**What you are asked to do**.
Could you retype only the lines from the one containing "ウチョウラン(羽蝶蘭)の最終" through the final line of the entries, both included, skipping any images?

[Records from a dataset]
⟨
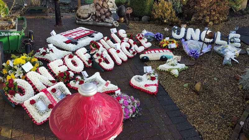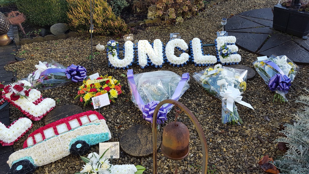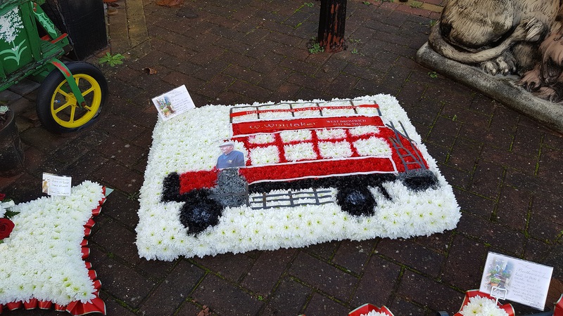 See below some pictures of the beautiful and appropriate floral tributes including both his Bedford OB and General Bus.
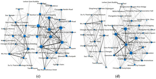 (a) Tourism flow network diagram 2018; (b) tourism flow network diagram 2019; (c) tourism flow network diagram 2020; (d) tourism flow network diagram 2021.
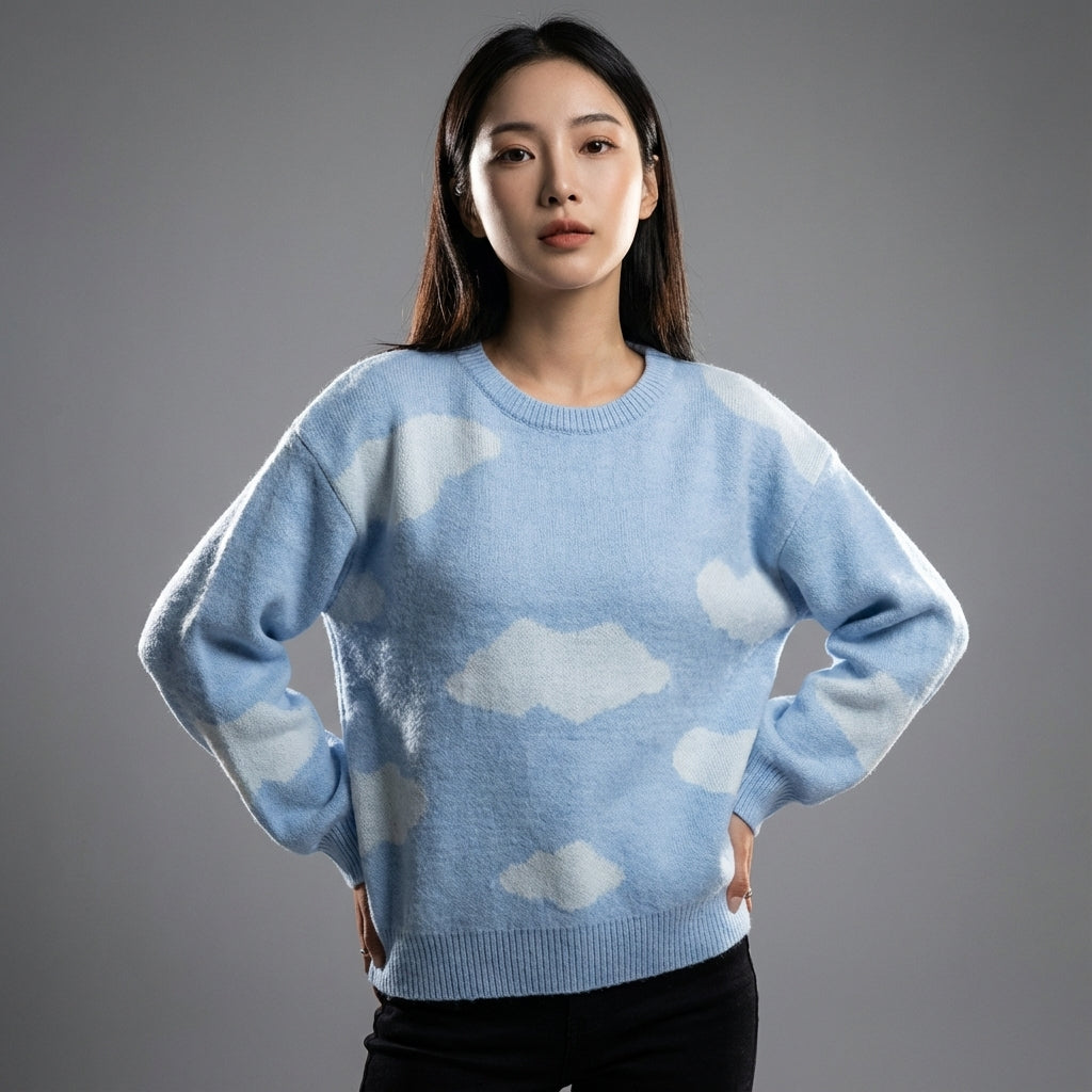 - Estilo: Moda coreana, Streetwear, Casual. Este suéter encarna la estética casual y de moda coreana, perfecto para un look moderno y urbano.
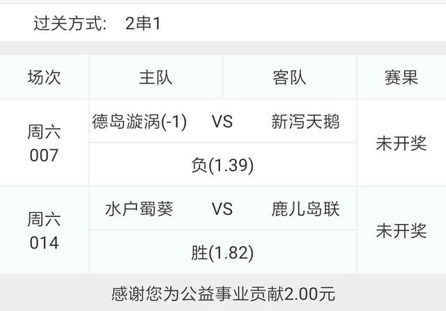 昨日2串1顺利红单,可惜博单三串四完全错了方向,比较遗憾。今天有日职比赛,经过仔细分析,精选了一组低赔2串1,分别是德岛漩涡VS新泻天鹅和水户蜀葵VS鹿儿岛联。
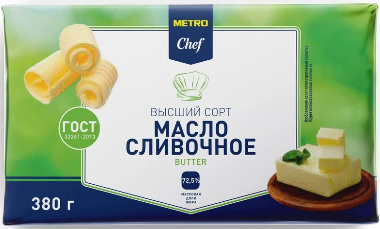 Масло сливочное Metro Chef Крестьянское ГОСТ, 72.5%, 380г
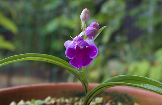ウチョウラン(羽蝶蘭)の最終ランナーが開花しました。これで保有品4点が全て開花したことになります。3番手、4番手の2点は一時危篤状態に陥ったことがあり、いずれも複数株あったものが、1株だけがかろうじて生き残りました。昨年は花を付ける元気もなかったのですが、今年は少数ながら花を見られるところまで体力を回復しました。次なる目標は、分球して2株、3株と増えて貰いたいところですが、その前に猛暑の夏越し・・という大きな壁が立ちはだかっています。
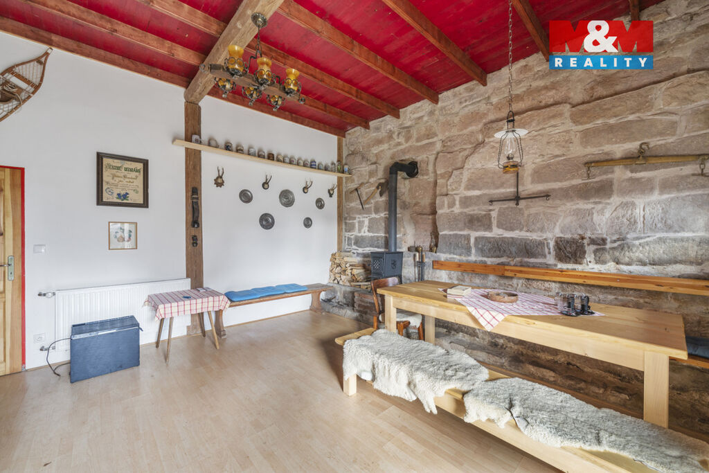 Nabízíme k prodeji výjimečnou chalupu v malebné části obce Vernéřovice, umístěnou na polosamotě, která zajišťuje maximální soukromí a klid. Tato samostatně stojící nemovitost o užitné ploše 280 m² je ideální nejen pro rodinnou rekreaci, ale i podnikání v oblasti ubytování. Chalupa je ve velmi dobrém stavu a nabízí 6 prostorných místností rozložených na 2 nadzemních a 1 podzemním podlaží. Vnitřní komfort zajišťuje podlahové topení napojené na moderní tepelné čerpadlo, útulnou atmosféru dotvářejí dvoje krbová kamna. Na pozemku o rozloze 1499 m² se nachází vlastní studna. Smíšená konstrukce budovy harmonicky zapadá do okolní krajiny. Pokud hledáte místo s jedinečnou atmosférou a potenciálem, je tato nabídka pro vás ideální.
⟩
**Solution to the exercise**.
ウチョウラン(羽蝶蘭)の最終ランナーが開花しました。これで保有品4点が全て開花したことになります。3番手、4番手の2点は一時危篤状態に陥ったことがあり、いずれも複数株あったものが、1株だけがかろうじて生き残りました。昨年は花を付ける元気もなかったのですが、今年は少数ながら花を見られるところまで体力を回復しました。次なる目標は、分球して2株、3株と増えて貰いたいところですが、その前に猛暑の夏越し・・という大きな壁が立ちはだかっています。
 Nabízíme k prodeji výjimečnou chalupu v malebné části obce Vernéřovice, umístěnou na polosamotě, která zajišťuje maximální soukromí a klid. Tato samostatně stojící nemovitost o užitné ploše 280 m² je ideální nejen pro rodinnou rekreaci, ale i podnikání v oblasti ubytování. Chalupa je ve velmi dobrém stavu a nabízí 6 prostorných místností rozložených na 2 nadzemních a 1 podzemním podlaží. Vnitřní komfort zajišťuje podlahové topení napojené na moderní tepelné čerpadlo, útulnou atmosféru dotvářejí dvoje krbová kamna. Na pozemku o rozloze 1499 m² se nachází vlastní studna. Smíšená konstrukce budovy harmonicky zapadá do okolní krajiny. Pokud hledáte místo s jedinečnou atmosférou a potenciálem, je tato nabídka pro vás ideální.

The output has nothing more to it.